U.S. stock futures were slipping Tuesday, with investors opting to take some profit following seven straight days of gains for the benchmark S&P 500.
Futures tracking the Dow Jones Industrial Average fell 100 points, or 0.2%. S&P 500 futures and contracts tied to the tech-heavy Nasdaq 100 were each down 0.1%, after the gauges each notched record closing highs on Monday.
The yield on the 10-year Treasury note ticked up 2 basis points to 4.17%. The U.S. dollar climbed 0.2% against a weighted basket of its peers, and the most actively-traded gold contract was down 0.1%, having topped $4,000 an ounce for the first time ever overnight.

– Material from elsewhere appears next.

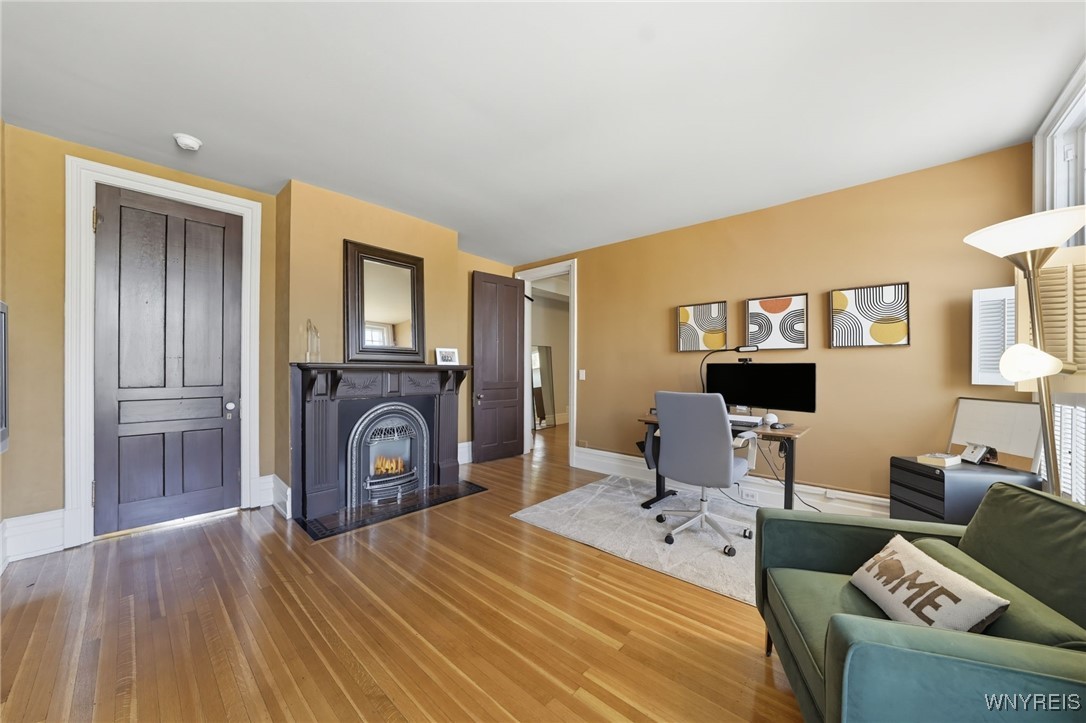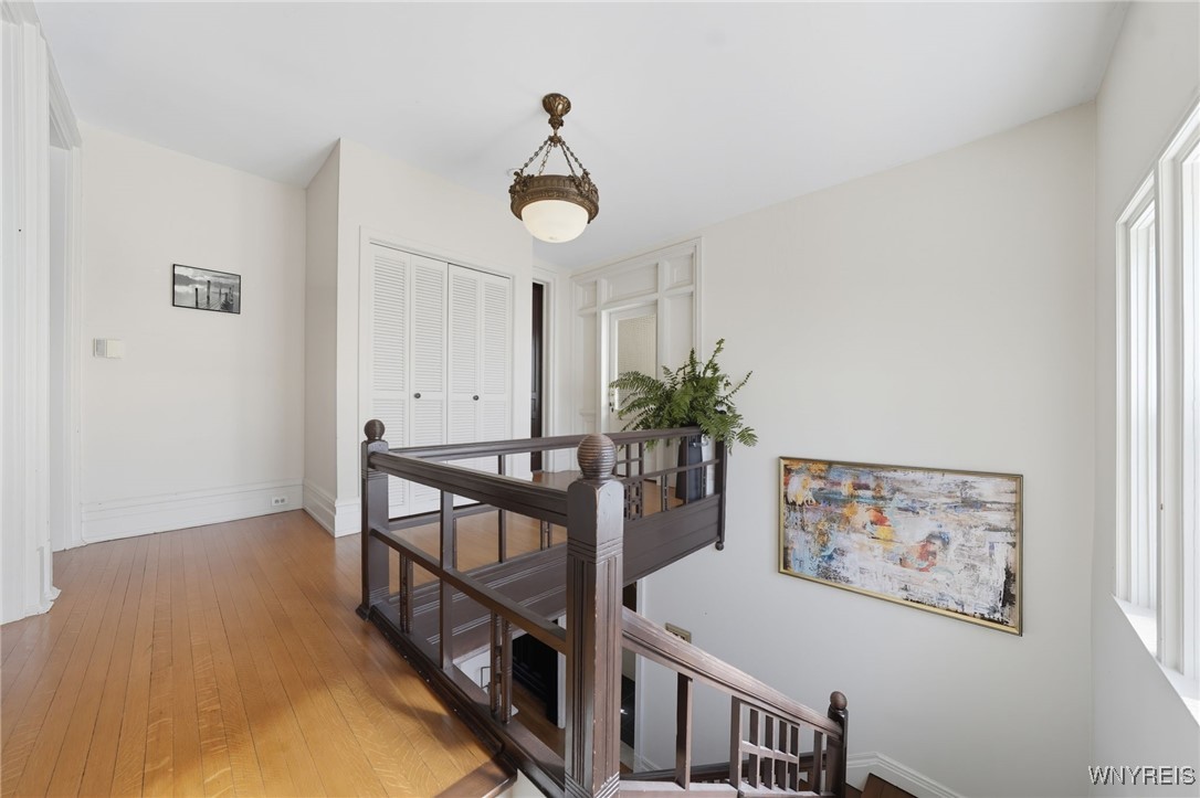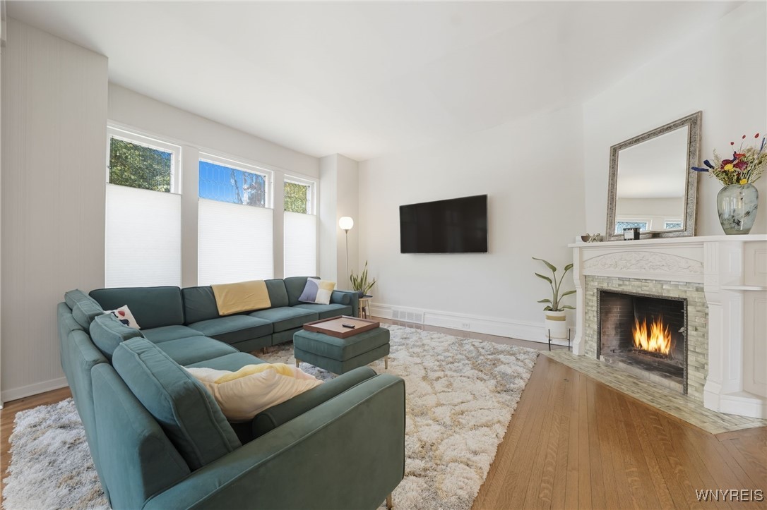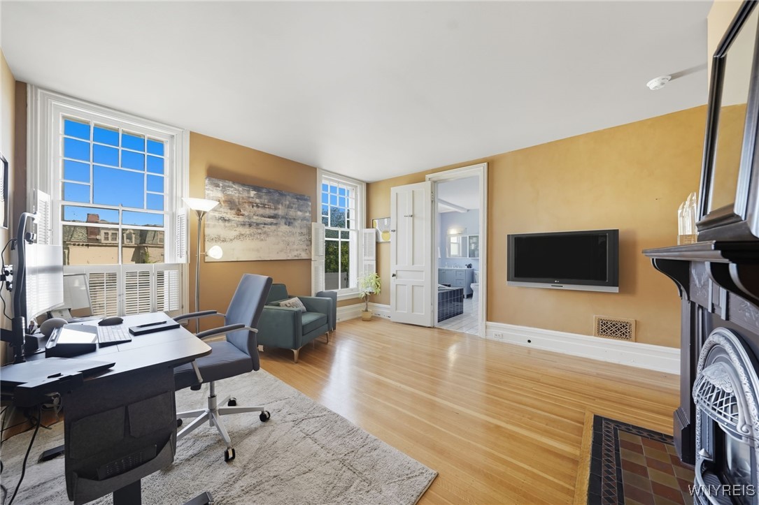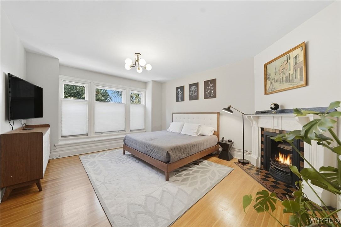 59 Linwood Ave: Owner being relocated after making almost $100k of improvements. Owners unit offerings 3 floors with over 3,000 sq feet of living space with a 2+ car attached garage. The grand foyer finds one of the 5 decorative fireplaces and beams with natural light from windows shining above the grand staircase. Large living room, and dining room both with their own fireplaces and beautiful hardwood floors. A butlers pantry and large updated kitchen and completely updated 1/2 bathroom complete the first floor. 2 staircases to the second level that offers a large master bedroom with private office/den, 2nd floor laundry and 2 additional bedrooms. The third floor finds 2 more bedrooms a second full bathroom and large unfinished area with cathedral ceilings that is ready to be finished off. The second unit with its own 1 car detached garage is completely updated has 1 bedroom, living room, kitchen with all new appliances, in unit laundry and updated bath, currently rented for $1,550.00 Completely fenced in back yard with a private oasis Japanese inspired garden.Located in the Linwood preservation district this property is close to the Medical campus and to all downtown Buffalo amenities. Virtual floor plan available.

Wall Street looked set to take a breather following a sustained AI rally, which took a leg higher on Monday after chip maker Advanced Micro Devices and ChatGPT developer OpenAI announced a long-term deal.
At the same time, so-called safe havens such as gold have been benefiting from uncertainty about the ongoing government shutdown, now entering its seventh day.
The Senate failed on Monday to pass a Republican bill that would extend government funding and reopen operations by a vote of 52-42. There’s a 67% chance that the impasse drags on beyond Oct. 15, according to the online prediction market Polymarket.